1. A multivariate predictive model was developed to help determine when a bone marrow sample would help distinguish between patients with monoclonal gammopathy of undetermined significance (MGUS) and smoldering multiple myeloma (SMM).
2. The model aimed to minimize unnecessary bone marrow sampling in this population.

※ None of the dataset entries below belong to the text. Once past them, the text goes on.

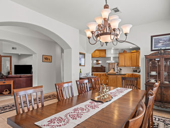 Inside, the gourmet kitchen features high-end stainless-steel appliances, a center island, breakfast bar, and oak cabinetry — all designed with entertaining in mind. A formal dining room sits adjacent, ideal for hosting large gatherings. The family room is warm and welcoming with two-story ceilings and a dramatic stone fireplace as its focal point.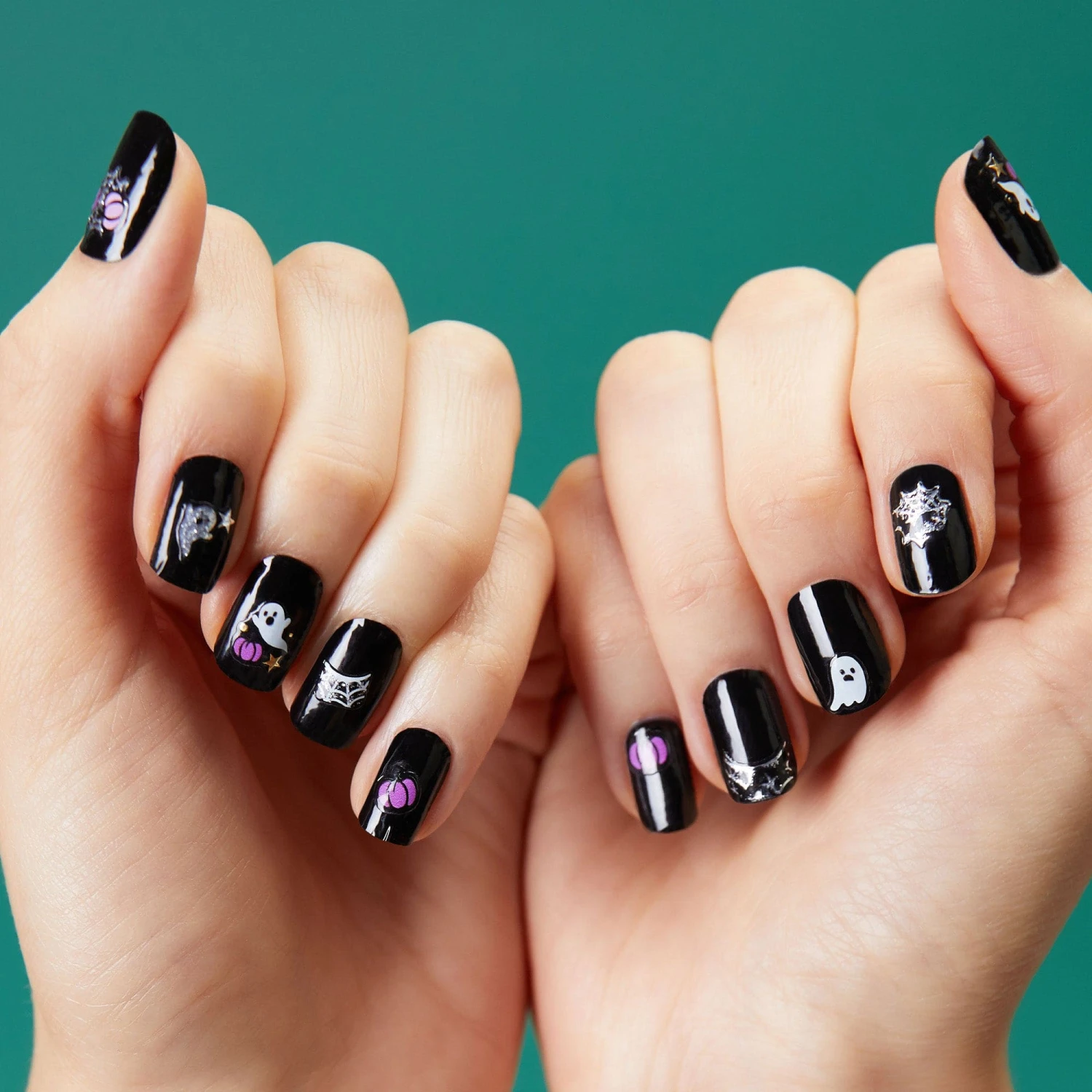 Turn yourself into a battie this Halloween! Premium nail art stickers featuring expressive designs, including bat & ghost iconography. Glow in the dark details.
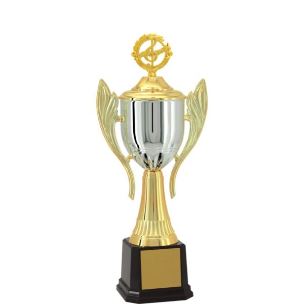 Troféu com 65 cm de altura, com base oitavada com 14,5 cm de largura em polímero na cor preta. Cone em polímero com detalhes na parte inferior metalizado na cor dourada. Copa em polímero metalizado na cor prata com 24 cm de largura entre as alças. Tampa e alças em polímero metalizado na dor dourada. Estatueta intercambiável de Ramo com Música.
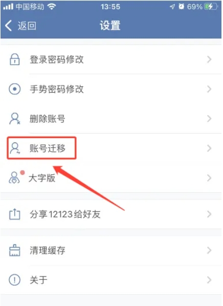 2、进入设置页面,点击“账号迁移”。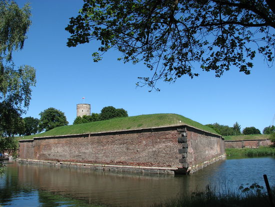 Auf dem Rückweg von Sopot mit dem Schiff haben wir eine interessante Festung vom Fluss aus gesehen. Wir haben am letzten Tag noch etwas Zeit und beschließen, mit einer der abenteuerlichen Strassenbahnen dorthin zu fahren. Leider haben wir nicht eruieren können, ob wir die Festung betreten können.
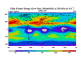 Low Pass Eddy Kinetic Energy at 200 hPa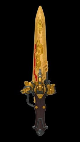 1、王者圣剑•零式的机身全长约520mm,拥有独特的发光效果和金色扳机,刀身形似锹形虫角。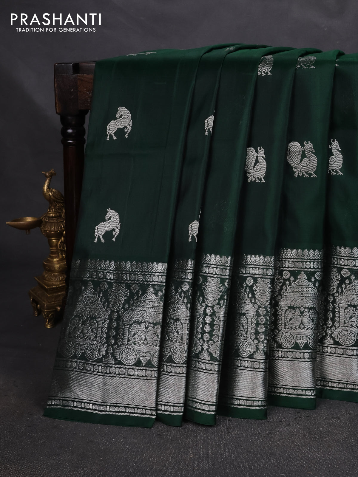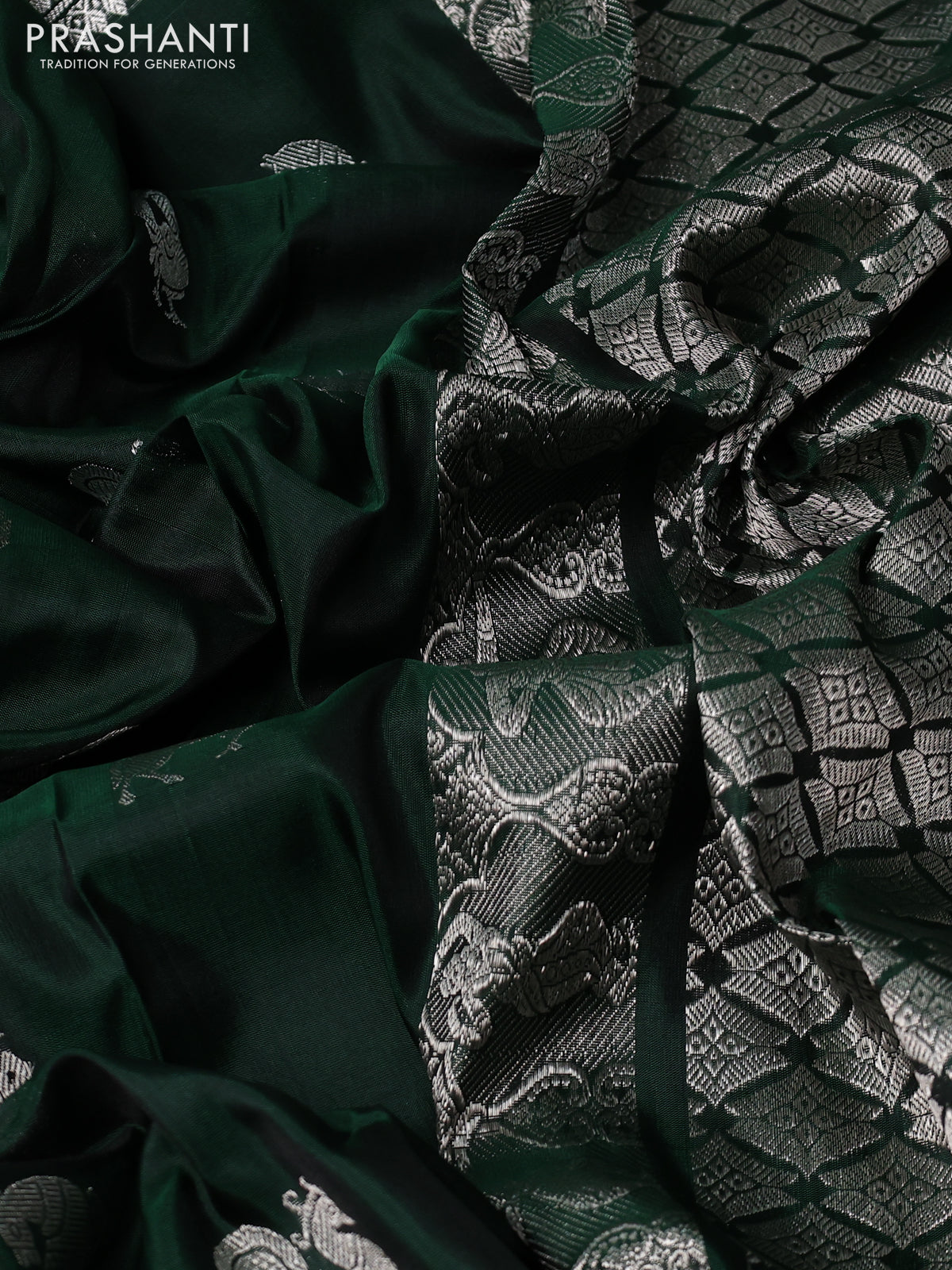 Venkatagiri silk saree green with silver zari woven buttas and long silver zari woven border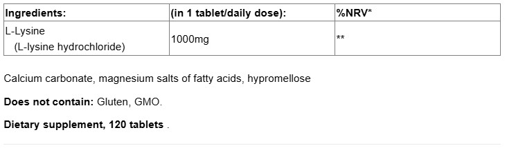 Comentarii despre NUTRICOST L-Lysine 1000 mg / 120 Tabs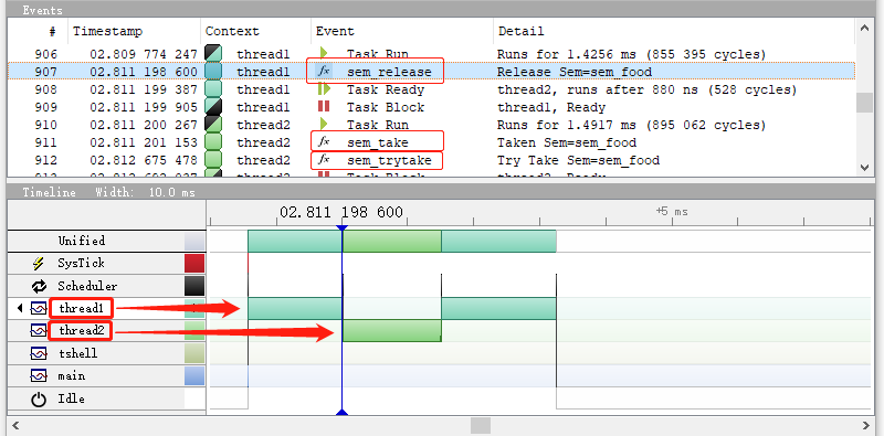 Using the SystemView tool, we can see that the system is running as we expected. Thread 1 starts running first, and then is interrupted by Thread 2 after releasing the semaphore. Thread 2 then runs, and then is suspended because it cannot obtain the semaphore, and Thread 1 continues to run. From the above event list, we can also see the specific time when each thread obtains or releases the semaphore.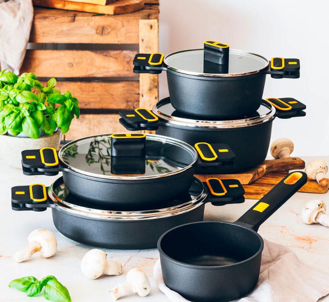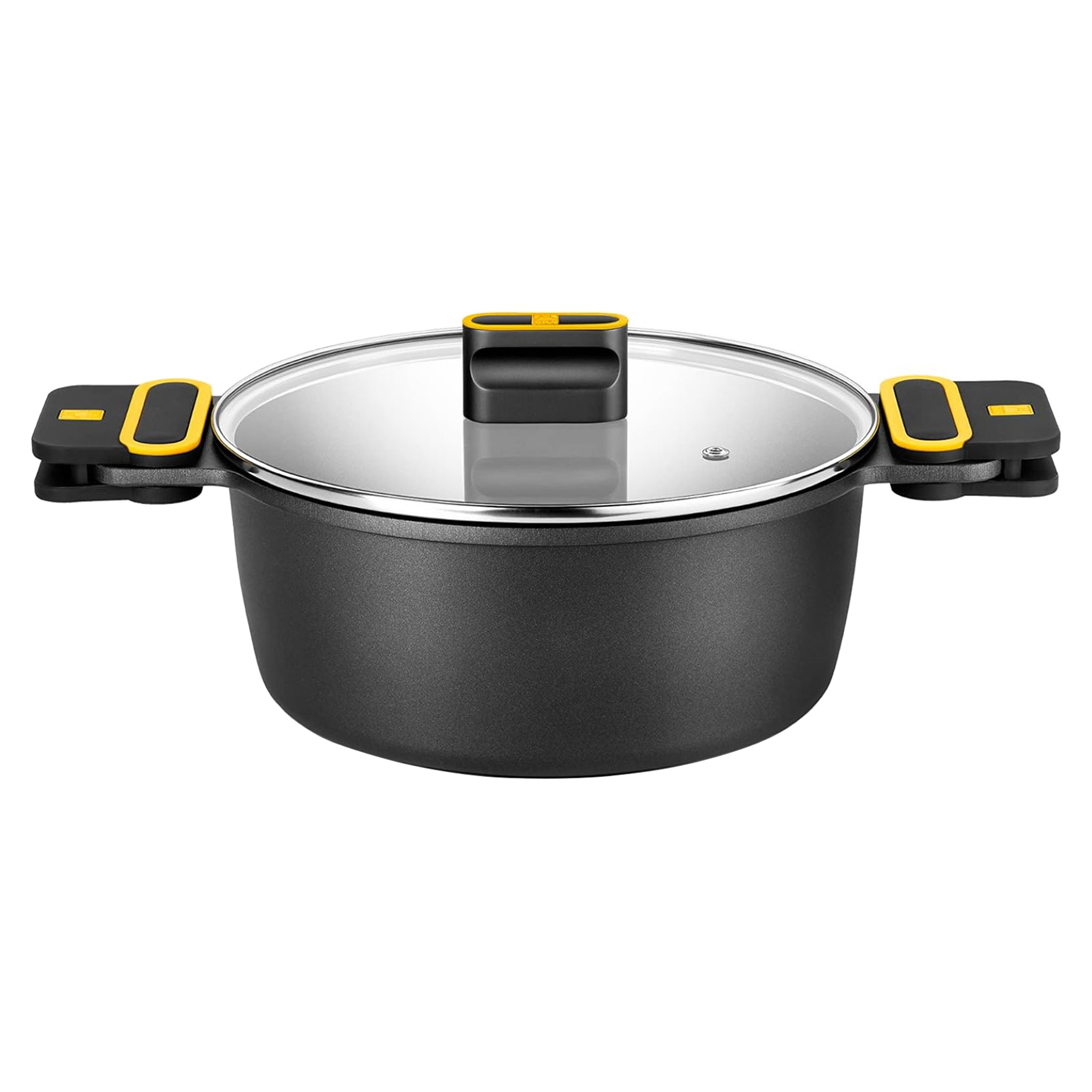 Има ултраустойчива повърхност, а дръжките позволяват сигурен и удобен захват. Както силиконовите дръжки, така и бакелитовото копче на стъкления капак са черни с жълти детайли, елементи, специфични за колекцията Daily Pro .

Evidence Rating Level: 2 (Good)
Study Rundown: MGUS may be a precursor to MM and other lymphoproliferative disorders. The way to distinguish between SMM and MGUS is by looking at the bone marrow plasma cells (BMPC). They are distinguished by 10% or higher BMPC, have a higher progression risk, and need management. SMM is the presence of BMPC between 10-59% or an M protein concentration of 30 g/L or higher but without a myeloma-defining event and is a middle stage between MGUS and MM. It is necessary to obtain a bone marrow sample to distinguish between people with MGUS and SMM. However, it requires extensive resources and may be painful to undergo. Since knowing when to obtain a bone marrow sample can be challenging, this study developed a multivariable predictive model to understand the chances of someone with MGUS having SMM or worse. A total of 75,422 individuals sent their blood samples to undergo serum protein electrophoresis and analysis. The participants who had abnormal screening results consistent with MGUS were then randomized into one of three groups. The study was limited as the prediction model used requires external validation. Overall, the established multivariate prediction model may be used to defer bone marrow sampling.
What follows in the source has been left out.